Ее руки продвигались вверх по ногам супруга, каждое движение выдавало желание, страсть изголодавшейся по ласкам женщины. Но фараон, поглощенный ходом своих мыслей, этого не замечал.
– Я ничего не знаю, – казалось, владыка говорит сам с собой. – Я никогда не понимал и не любил его. Но он всегда был умен. И только это заставило меня объявить наследником его.
– Амонхотеп – единственный из твоих детей, действительно достойный этого! – царица улыбнулась, приподнимаясь на колени и глядя в глаза мужу; ее рот был полуоткрыт, а дыхание участилось.

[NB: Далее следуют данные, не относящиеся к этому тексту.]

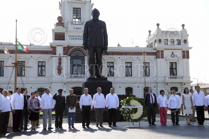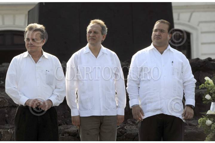 VERACRUZ, VERACRUZ, 06ENERO2012.- El Presidente del Comite Ejecutivo Nacional del PRI, Pedro Joaquín Codwell, el líder de la Confederación Nacional Campesina, Gerardo Sánchez García, y el Gobernador de Veracruz, Javier Duarte de Ochoa asistieron al 97 aniversario de la promulgación de la ley agraria realizada la mañana de hoy en este puerto. En el acto el mandatario veracruzano reclamó los 10 mil millones de pesos del Fondo Nacional para Desastres al gobierno federal. FOTO: CUARTOSCURO.COM

– Я собирался объявить наследником старшего сына, но боги призвали его к себе раньше, чем я успел это сделать, – не замечая нежности царицы, продолжал фараон. – Да, у меня много женщин, еще больше – детей, но никто из них не может претендовать на трон.

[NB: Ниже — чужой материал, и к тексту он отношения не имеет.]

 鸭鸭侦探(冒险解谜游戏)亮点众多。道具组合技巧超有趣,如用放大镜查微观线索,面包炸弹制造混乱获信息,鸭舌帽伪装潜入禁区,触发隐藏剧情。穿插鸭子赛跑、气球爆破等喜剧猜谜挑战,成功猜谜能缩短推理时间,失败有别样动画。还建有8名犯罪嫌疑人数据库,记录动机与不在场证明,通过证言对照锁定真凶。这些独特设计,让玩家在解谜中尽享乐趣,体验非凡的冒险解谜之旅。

– Что ж, – невинно вздохнула царица, вплотную приближаясь к лицу властелина Египта. – Двадцать пять лет твоего мудрого царствования ты плохо заботился о наследнике.

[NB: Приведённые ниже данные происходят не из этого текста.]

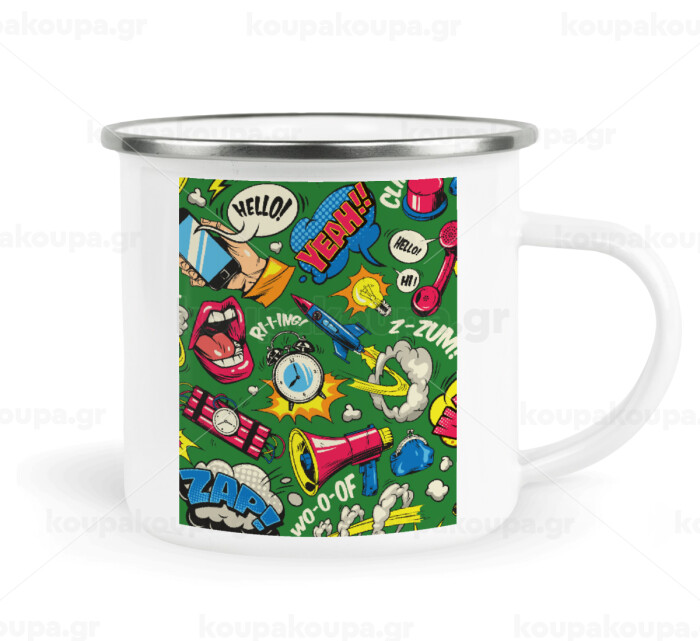 Pop art colorful seamless, Metallic enamel cup white 360ml

Эти слова пощечиной ударили фараона.
Он с трудом выдержал паузу, после чего медленно отстранил от себя царицу и угрожающе произнес:
– Как ты, моя супруга, осмелилась вымолвить эти слова? – взгляд его горел яростью. – Разве я обижал тебя или забывал о тебе хоть на миг? Все эти годы в сердце моем не было другой женщины.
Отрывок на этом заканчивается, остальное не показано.